I think because of that, one of my pet peeves is people who are one step past optimism--in denial and crossing over into ignorance. I know a certain person who is like this where you can't even point out the simple facts like "we are lost" or "it is raining" or "people are dying in such and such country" without them thinking you are a downer. I like honesty. I dislike dishonest optimism, or disillusioned optimism. Real optimism is as defined in the dictionary:

"a disposition or tendency to look on the more favorable side of events or conditions and to expect the most favorable outcome." 

Again I dropped it, and didn't really think about it again until I was in the car with my mom one day and happened to see the sticker again. Finally, out of frustration I explained why I disliked the sticker and in explanation of my views ended with "I'm just a realist, mom." To which she responded with a hint of humor "that's what all pessimists say!" At that point I couldn't respond. There seemed to be a little too much truth to what she was saying. 

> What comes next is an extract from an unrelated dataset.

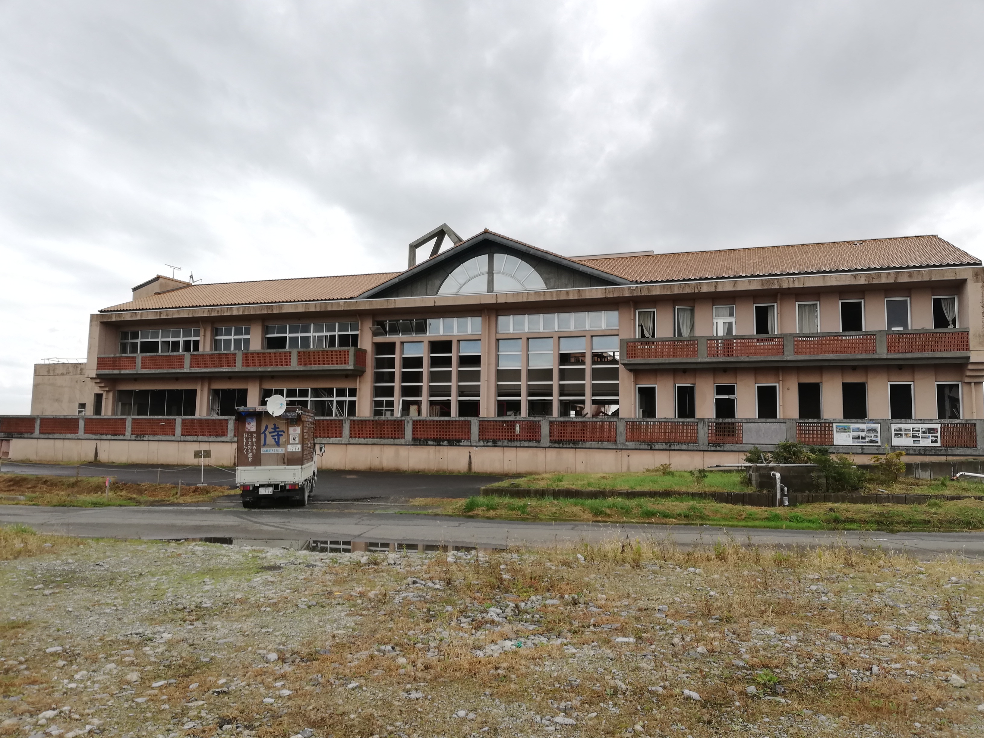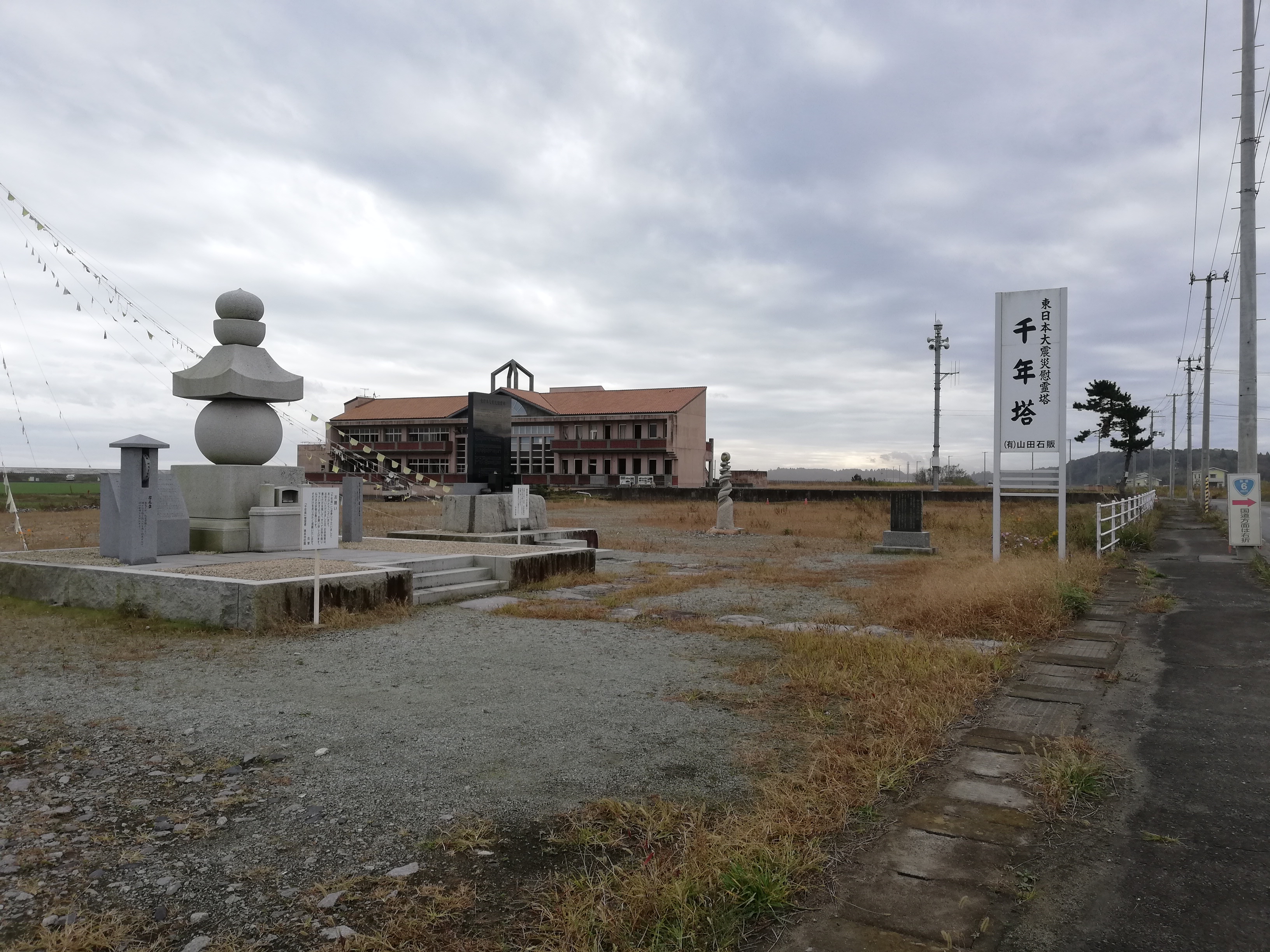 千年塔という案内板の向こうに、震災で被災したらしい建物があります。
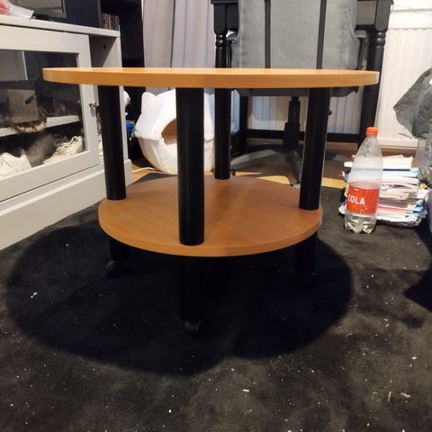 Siisti, moitteetomassa kunnossa oleva kaunis sohvapöytä, sivupöytä. Halkaisija 42cm, korkeus 49cm. Tarpeettomaksi jäänyt.

Once again, I abandoned the thought and once again it was brought to my attention. (Isn't it funny how God has a way of working with us until we get things right?) In church our Stake President (who is in charge of four or five congregations in our neighborhood) got up and said very poignantly "I want you to know that life is good, that the glass is half full." Immediately I was humbled. Here is a man, that I believe to be full of inspiration, who seemed to speak directly to me, telling me that life is good. Could it be more clear than it is now, that the Lord wants me to know that life is good. The Lord knows everything, He knows all the suffering and all of the sadness in the world, He knows all the suffering and sadness in my life and yet He spoke to my heart that life is still good despite it all.

So during this season of introspection and gratitude I feel myself compelled to a sense of optimism and gratefulness. Grateful because God knows me and has compassion on me and my thick scull. And optimistic that despite it all, life really is good.